Every record below should be repeated exactly, with the pictures left out.

━━ Records for this exercise

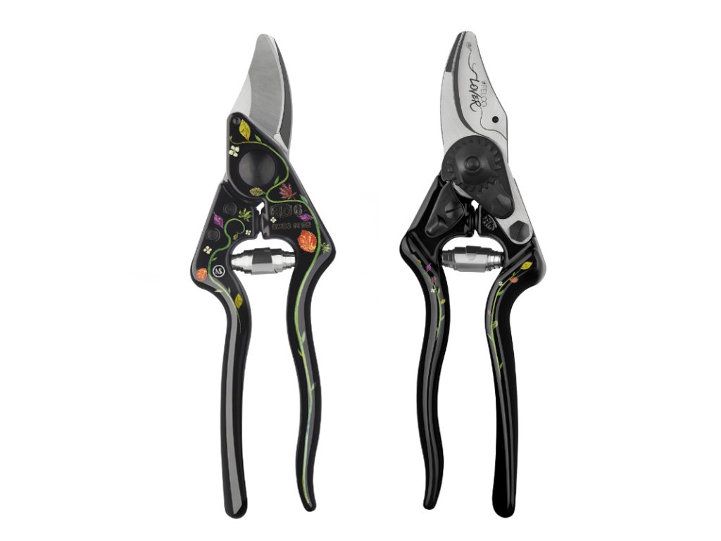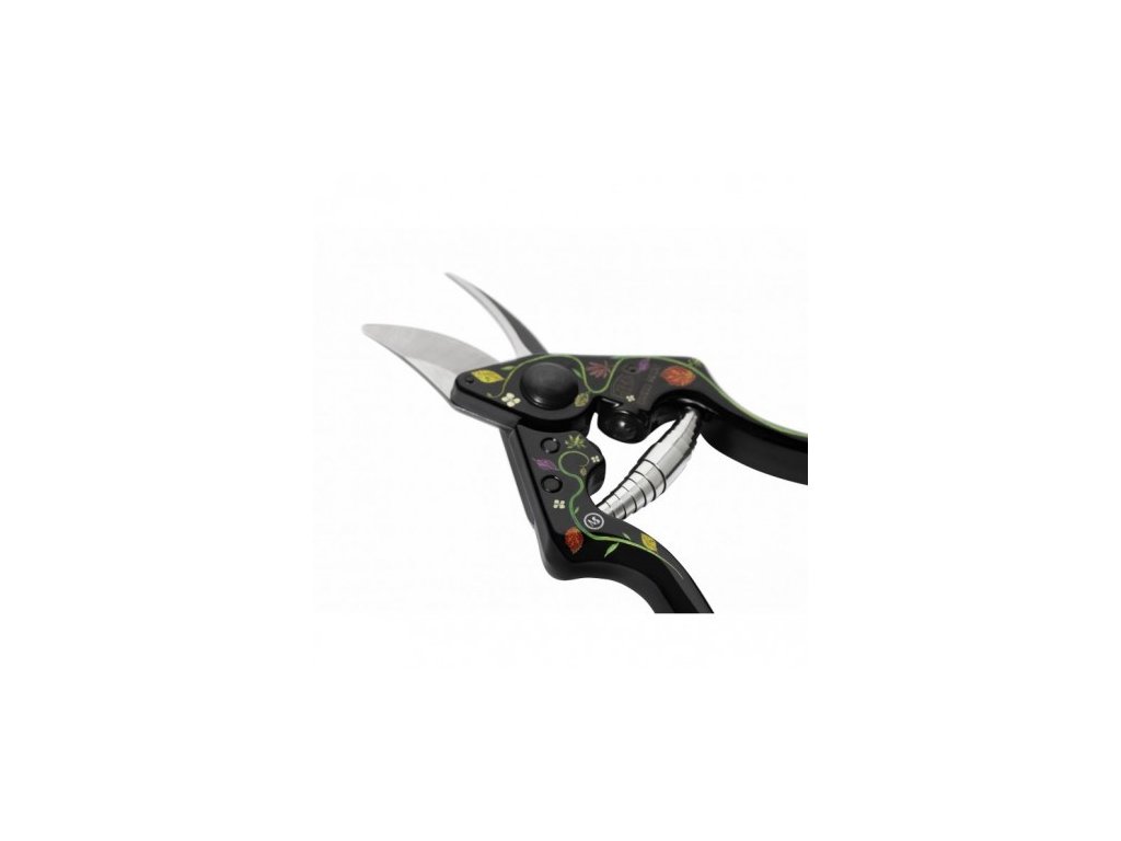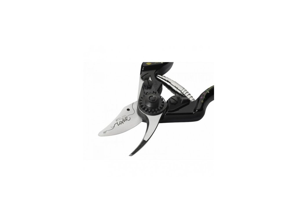 FELCO 6 Schere diesmal inSonderausgabeStéphane Marie. Die Griffe aus metallisiertem Aluminium werden während der Produktion zunächst schwarz eloxiert, dann wird das Motiv aus Stéphane Maries Herbarium mittels UV-Druck auf den schwarzen Griff aufgebracht, und die abschließende Schutzschicht der Griffe ist eine Pulverbeschichtung.
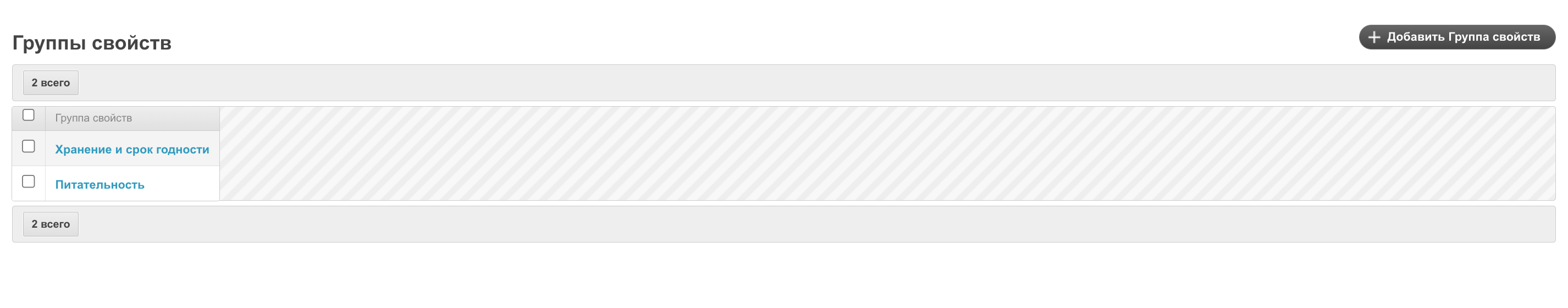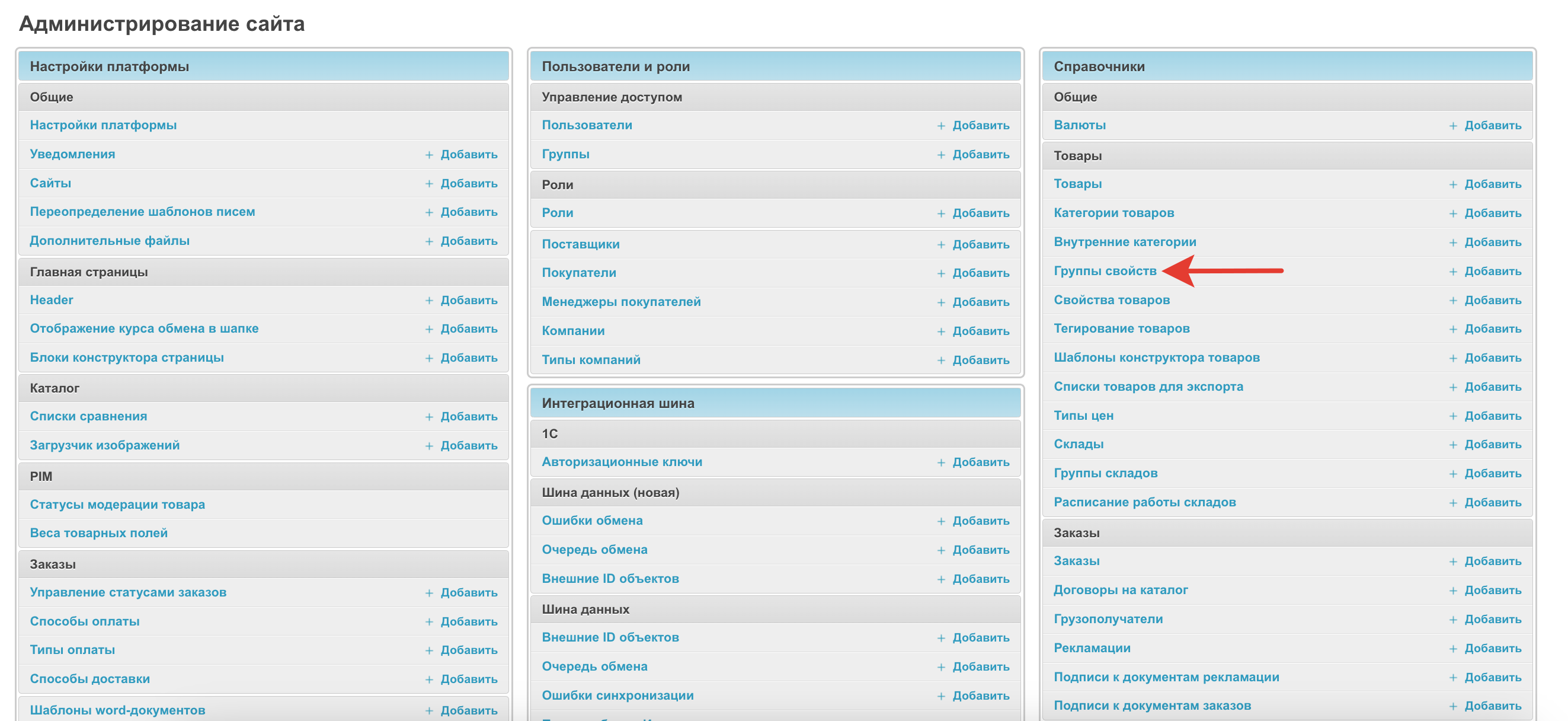 На странице выводятся все группы свойств, добавленные на платформе.
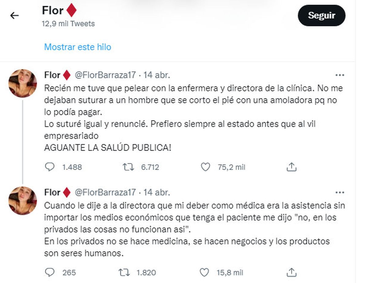 Barraza contó a través de Twitter la situación que le tocó vivir y se volvió viral en pocas horas. El posteo tuvo más de 75.000 likes y muchísimos retuits. En un corto hilo, la médica egresada de la Universidad del Salvador (Buenos Aires) detalló el enfrentamiento que tuvo con la enfermera y la directora de la clínica, tras el cual renunció.
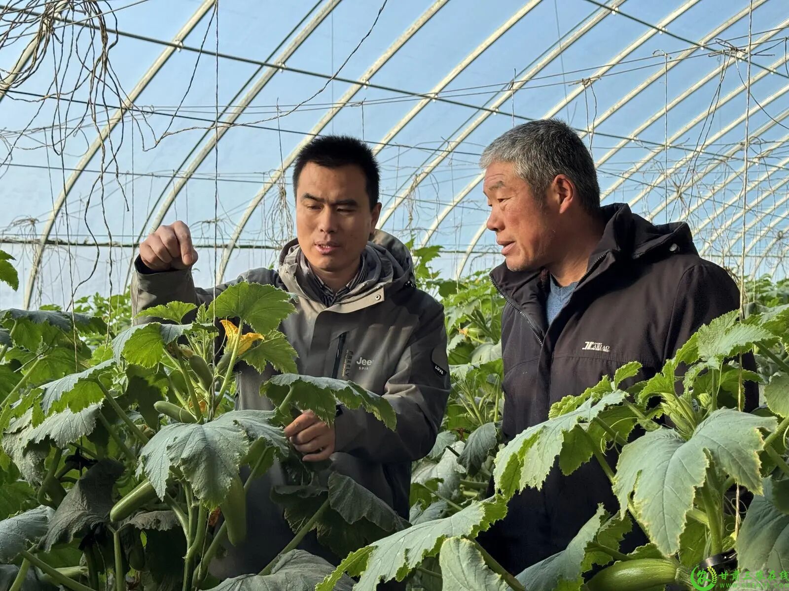 冬日寒风凛冽,金塔县沙漠生态农业示范园里却生机盎然。钢架拱棚里,试验麦苗顶着新绿探出脑袋;温室大棚内,翠绿的西葫芦挂满藤蔓,鲜嫩的韭菜泛着油光。1月5日,记者跟随冒国伟走进种植户刘连虎的大棚时,老刘急忙上前攥住他的手:“哎呀,今天又麻烦你来了,快看看我这茬韭菜长得咋样?”这句熟稔的问候,正是金塔县种植户对这位农技干部最真挚的信赖。
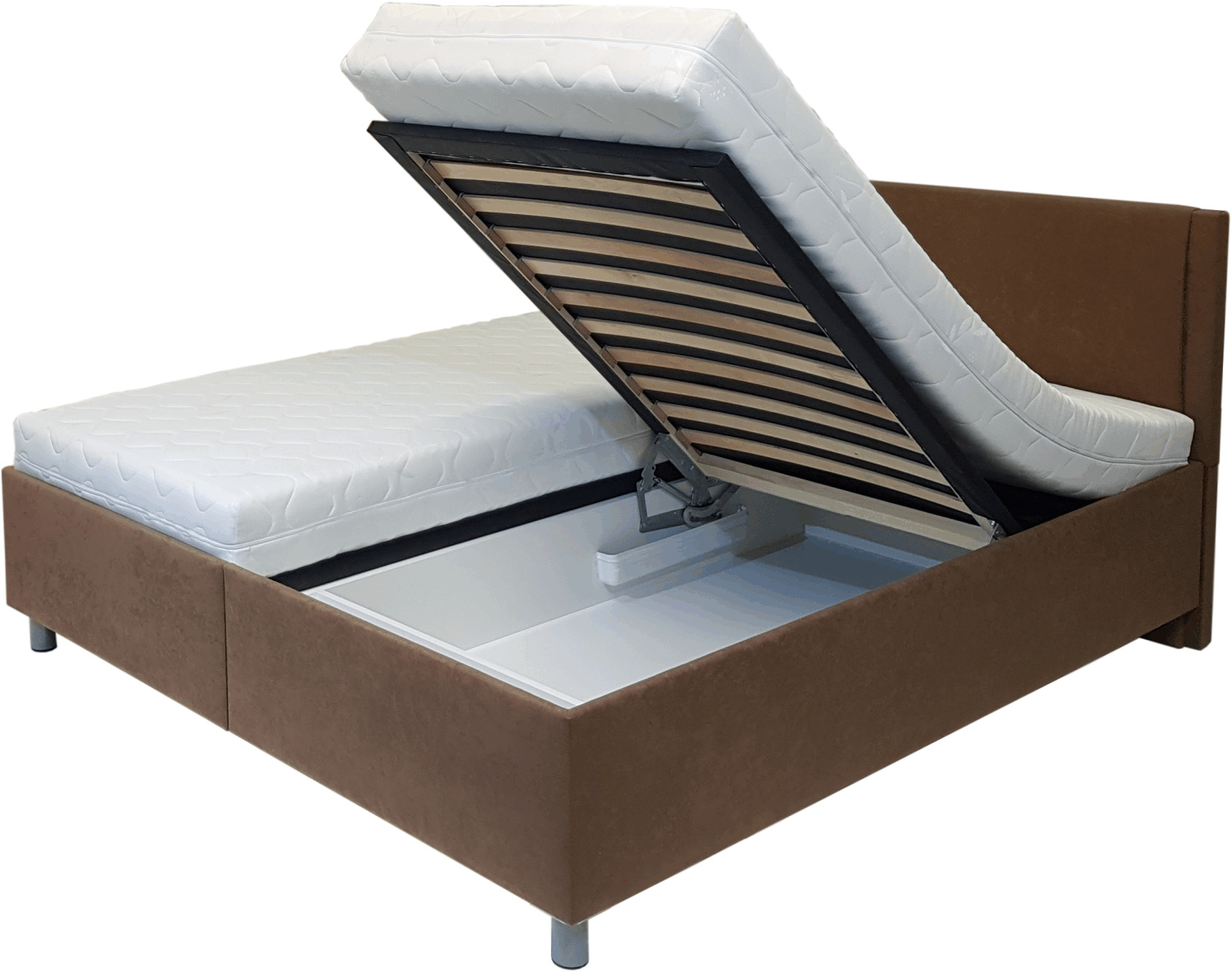 Nožky postele jsou vysoké 10 cm a můžete si zvolit dřevěné nebo kovové.
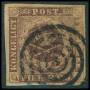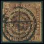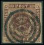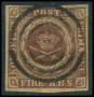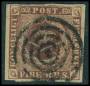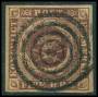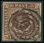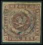 1851. 4 RBS pl. I-61 Ferslew blækannulleret med lille hul fra udfaldet sandkorn. Attest LN.
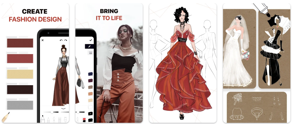 Kalau kamu lebih ke arah desain fashion secara umum (bukan cuma kaos), aplikasi ini menarik banget. Fashion Design Sketches bisa dipakai di Android dan iOS, dengan cara mix & match template baju seperti dress, atasan, rok, hingga outer.
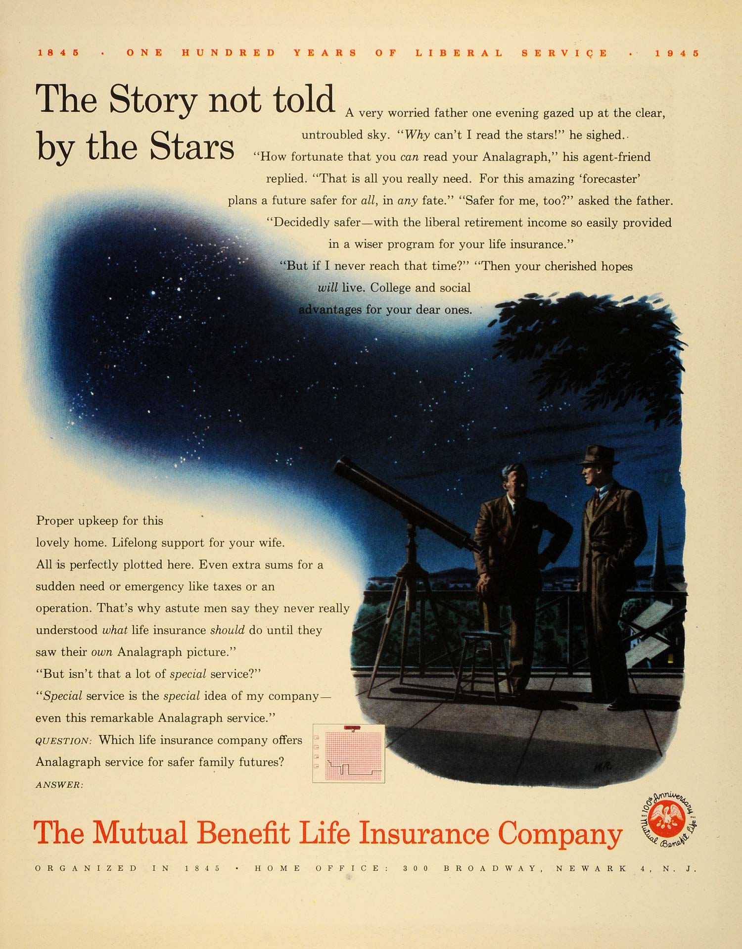 This is an original 1945 color print ad for The Mutual Benefit Life Insurance Company of Newark, New Jersey.
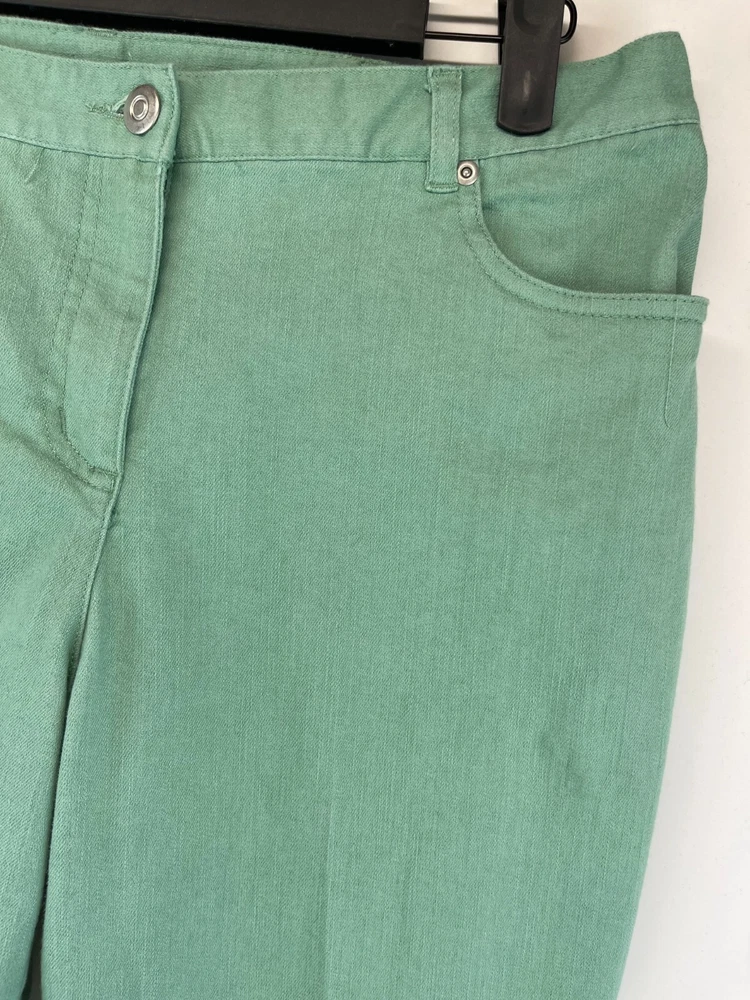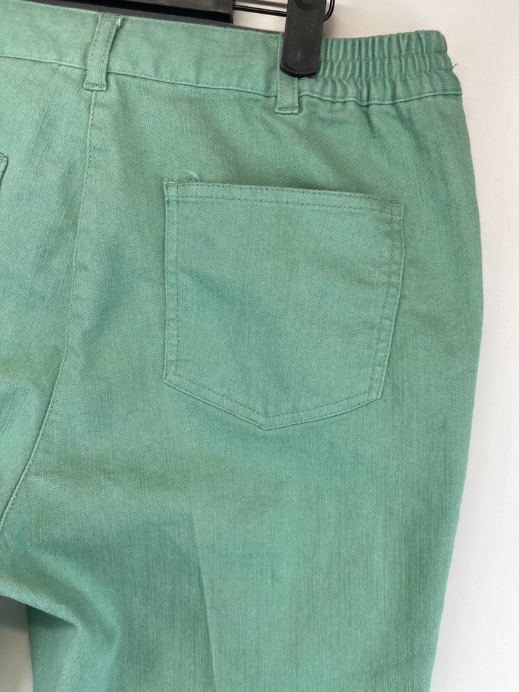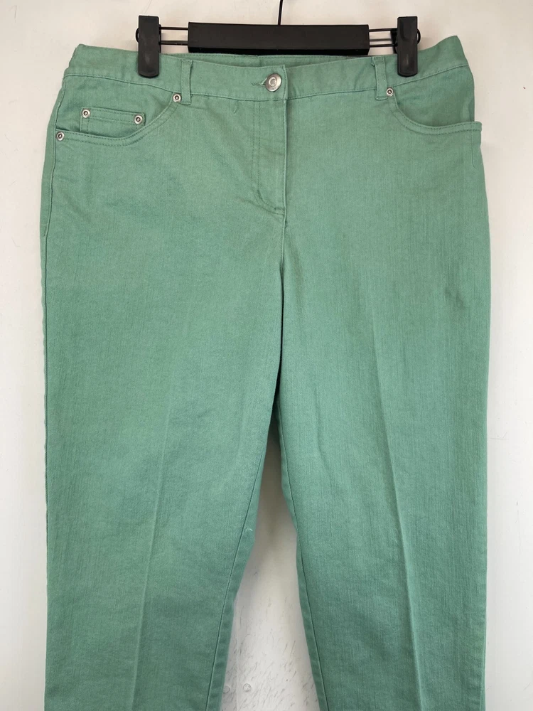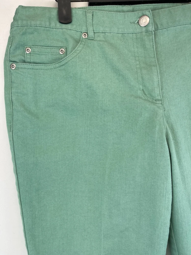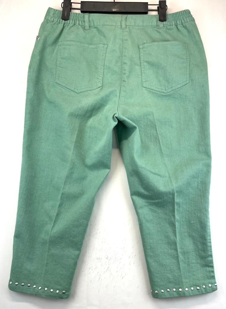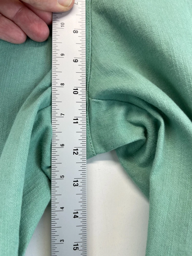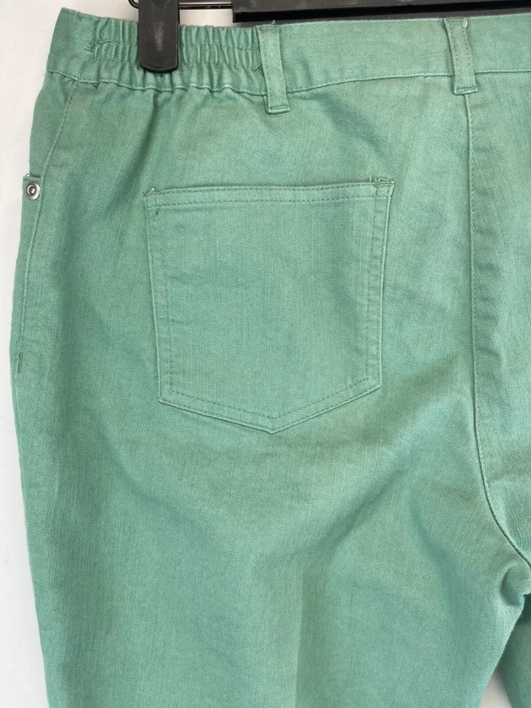 Elevate your wardrobe with these stunning Ruby Rd. Petite Capri Pants. Perfect for any occasion, whether it be for travel, workwear, or casual wear, these pants come in a beautiful green color and are made of a comfortable blend of polyester, spandex, and cotton. The pants feature an elastic waistband and pockets for added convenience, while the studded accents give them a touch of bohemian flair. The mid-rise fit and straight leg style make these pants flattering for any body type, and they are available in a Women's Size 12P. These pants are machine washable and have a flat front, making them easy to care for and perfect for everyday wear. Add these fun and preppy pants to your collection today! Very good preowned condition with normal preowned wear and issues. Please see all photos. For clothing specifically, see photos for all measurements and/or any issues if applicable. Pay close attention to the measurements as the size of the garment may quite possibly be different than the actual measurement(s) due to washing, shrinkage, or stretching as these are used clothes. The size in the title is the size on the tag of the garment. See photos for measurements of actual measurements as they may differ. ALWAYS CHECK THE MEASUREMENTS IN THE PHOTOS. This will remove any questions on measurements as well as always cover the possibility of human error in the listing(s) in the case of a typo or oversight. All clothing and shoes have been washed/cleaned, and comes from a smoke free environment. If shoe trees appear in the photos, they are for photography purposes only to illustrate how the shoes look filled out, and are not included. I am available for questions. I accept or negotiate reasonable offers. Have an amazing day. Thank you.
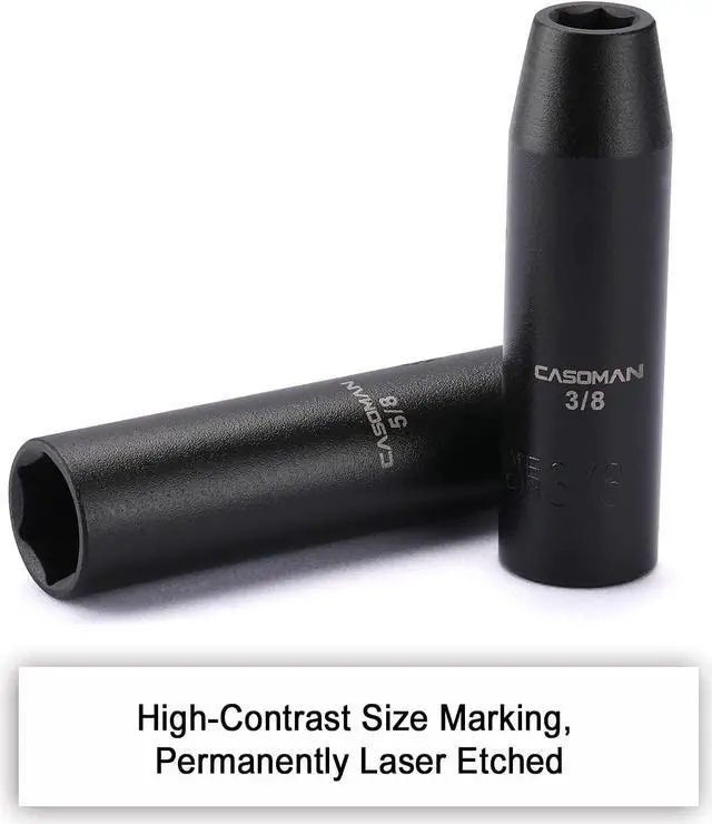 Permanent high visibility laser etched size marking on each socket for quick size selection when working.

━━━━

### Task result
 FELCO 6 Schere diesmal inSonderausgabeStéphane Marie. Die Griffe aus metallisiertem Aluminium werden während der Produktion zunächst schwarz eloxiert, dann wird das Motiv aus Stéphane Maries Herbarium mittels UV-Druck auf den schwarzen Griff aufgebracht, und die abschließende Schutzschicht der Griffe ist eine Pulverbeschichtung.
 На странице выводятся все группы свойств, добавленные на платформе.
 Barraza contó a través de Twitter la situación que le tocó vivir y se volvió viral en pocas horas. El posteo tuvo más de 75.000 likes y muchísimos retuits. En un corto hilo, la médica egresada de la Universidad del Salvador (Buenos Aires) detalló el enfrentamiento que tuvo con la enfermera y la directora de la clínica, tras el cual renunció.
 冬日寒风凛冽,金塔县沙漠生态农业示范园里却生机盎然。钢架拱棚里,试验麦苗顶着新绿探出脑袋;温室大棚内,翠绿的西葫芦挂满藤蔓,鲜嫩的韭菜泛着油光。1月5日,记者跟随冒国伟走进种植户刘连虎的大棚时,老刘急忙上前攥住他的手:“哎呀,今天又麻烦你来了,快看看我这茬韭菜长得咋样?”这句熟稔的问候,正是金塔县种植户对这位农技干部最真挚的信赖。
 Nožky postele jsou vysoké 10 cm a můžete si zvolit dřevěné nebo kovové.
 1851. 4 RBS pl. I-61 Ferslew blækannulleret med lille hul fra udfaldet sandkorn. Attest LN.
 Kalau kamu lebih ke arah desain fashion secara umum (bukan cuma kaos), aplikasi ini menarik banget. Fashion Design Sketches bisa dipakai di Android dan iOS, dengan cara mix & match template baju seperti dress, atasan, rok, hingga outer.
 This is an original 1945 color print ad for The Mutual Benefit Life Insurance Company of Newark, New Jersey.
 Elevate your wardrobe with these stunning Ruby Rd. Petite Capri Pants. Perfect for any occasion, whether it be for travel, workwear, or casual wear, these pants come in a beautiful green color and are made of a comfortable blend of polyester, spandex, and cotton. The pants feature an elastic waistband and pockets for added convenience, while the studded accents give them a touch of bohemian flair. The mid-rise fit and straight leg style make these pants flattering for any body type, and they are available in a Women's Size 12P. These pants are machine washable and have a flat front, making them easy to care for and perfect for everyday wear. Add these fun and preppy pants to your collection today! Very good preowned condition with normal preowned wear and issues. Please see all photos. For clothing specifically, see photos for all measurements and/or any issues if applicable. Pay close attention to the measurements as the size of the garment may quite possibly be different than the actual measurement(s) due to washing, shrinkage, or stretching as these are used clothes. The size in the title is the size on the tag of the garment. See photos for measurements of actual measurements as they may differ. ALWAYS CHECK THE MEASUREMENTS IN THE PHOTOS. This will remove any questions on measurements as well as always cover the possibility of human error in the listing(s) in the case of a typo or oversight. All clothing and shoes have been washed/cleaned, and comes from a smoke free environment. If shoe trees appear in the photos, they are for photography purposes only to illustrate how the shoes look filled out, and are not included. I am available for questions. I accept or negotiate reasonable offers. Have an amazing day. Thank you.
 Permanent high visibility laser etched size marking on each socket for quick size selection when working.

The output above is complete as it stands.